On the other hand, I find it kind of annoying. I'd rather it work the way the Logos app does. Click once and you get a stable window with the reference content in it. Click again to go to the Resource in question. That's how I'm building my back-end to work. But, I don't have the advantage of having all of the Bible translations at my disposal that Logos does.

In the end, I think what will happen is that I will make it a user profile setting when the Charis accounts are created. You can set your options there.

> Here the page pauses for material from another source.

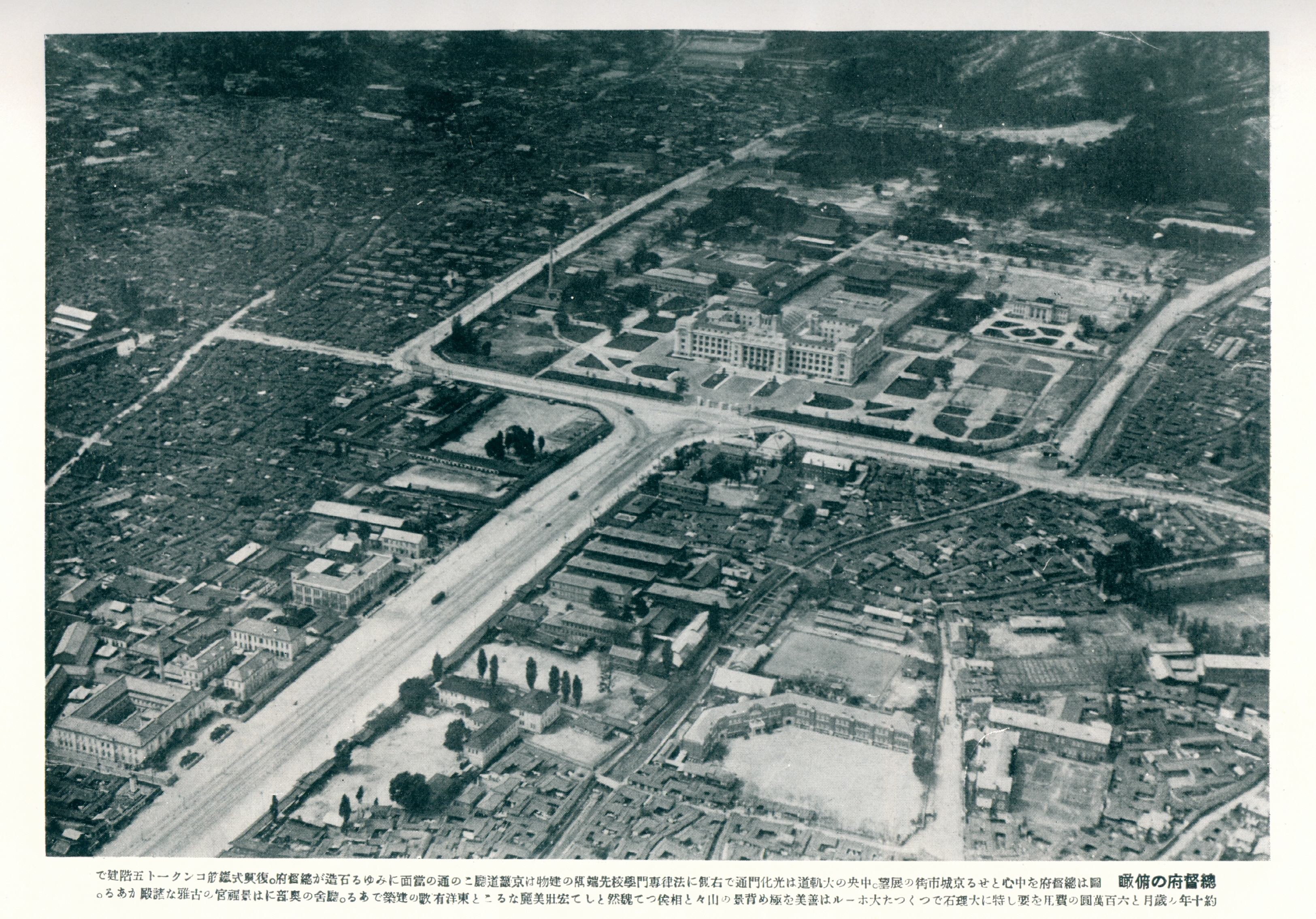 | 1912 — 1945 | Joseon buildings demolished. Street widened to 62m as Taihei Boulevard with tram tracks. Government-General Building (largest in East Asia) constructed 1916–1926, blocking Gyeongbokgung. Gwanghwamun Gate relocated east. |

Lots of good suggestions in this thread so far. Keep 'em coming


----------



## JOwen (Oct 12, 2014)

Very useful application. Well done. If you are taking requests (?) the Three Forms of Unity wild be helpful, as well as the Compendium to the Heidelberg Catechism. Especially the last one for our youth and children's memorization for Church. The last one is rather short. The Continental Churches would be entirely grateful!
Keep up the good work.


----------



## kodos (Oct 12, 2014)

Hi Pastor Lewis,
I am indeed taking requests! I'll probably start adding the Heidelberg here shortly sometime this month, Lord willing. One of the primary uses of this app was to help with our children's memory work. I hope to get the login and user database features for Charis implemented by end of the year so you could input all of the children into the app and track their progress. That was one of the primary reasons for me to start work on this.

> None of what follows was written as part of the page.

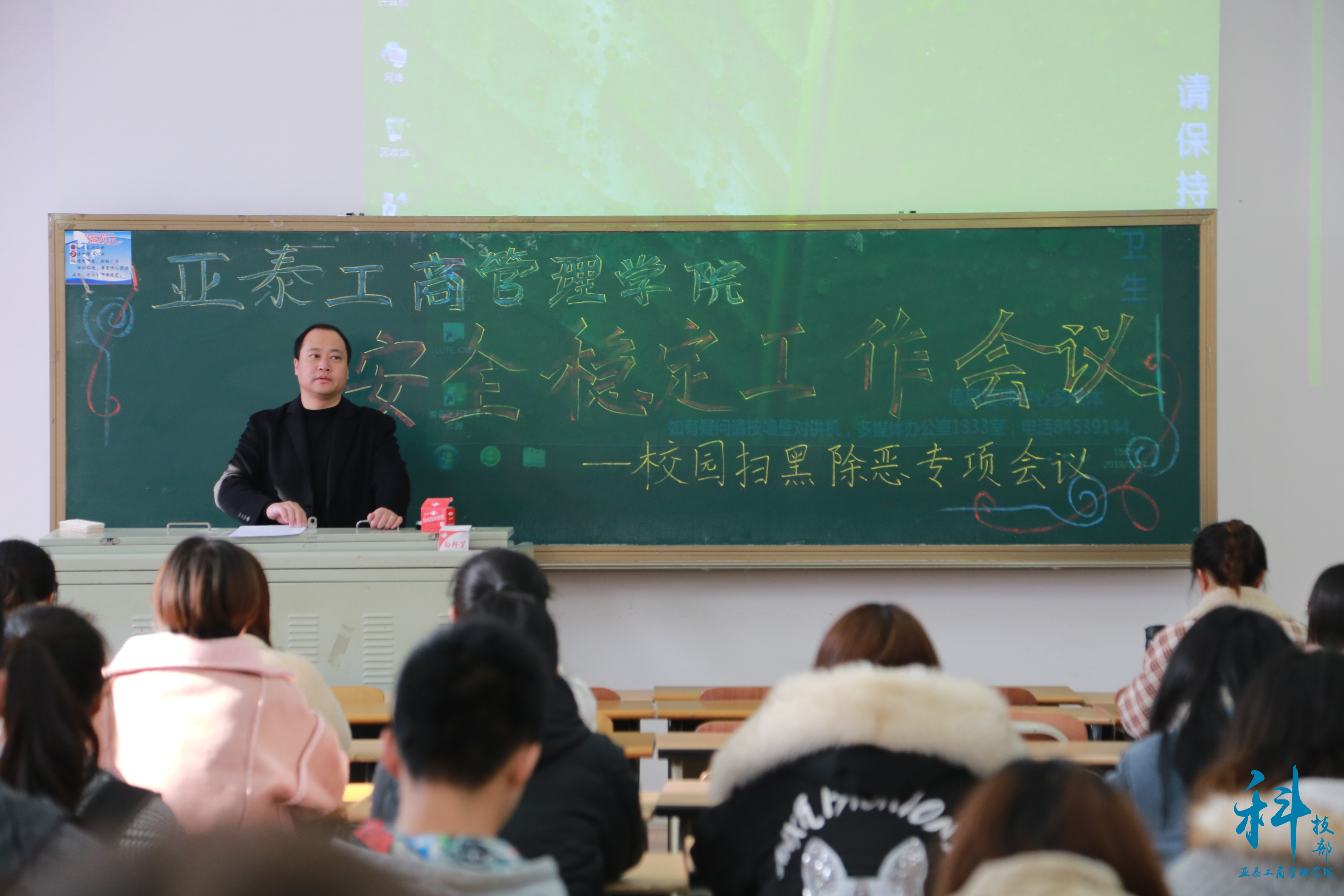 于2019年3月27日在第一教学楼1235教室开展了安全稳定工作暨校园扫黑除恶专项会议。此次会议受到了麻豆网

I had never seen the Compendium to the Heidelberg before, looks to be very similar to what the Children's Catechism did to the Shorter Catechism. Very cool. Will add it to the list 

Thanks!


----------



## kodos (Oct 12, 2014)

BTW, for abbreviations to use for quick lookups. I'd imagine HC = Heidelberg Catechism, CHC = Compendium to Heidelberg, COD = Cannons of Dort, and BC = Belgic Confession?
Currently I have WLC = Westminster Larger Confession, WSC = Westminster Shorter Catechism, WCF = Westminster Confession of Faith, and CC = Children's Catechism.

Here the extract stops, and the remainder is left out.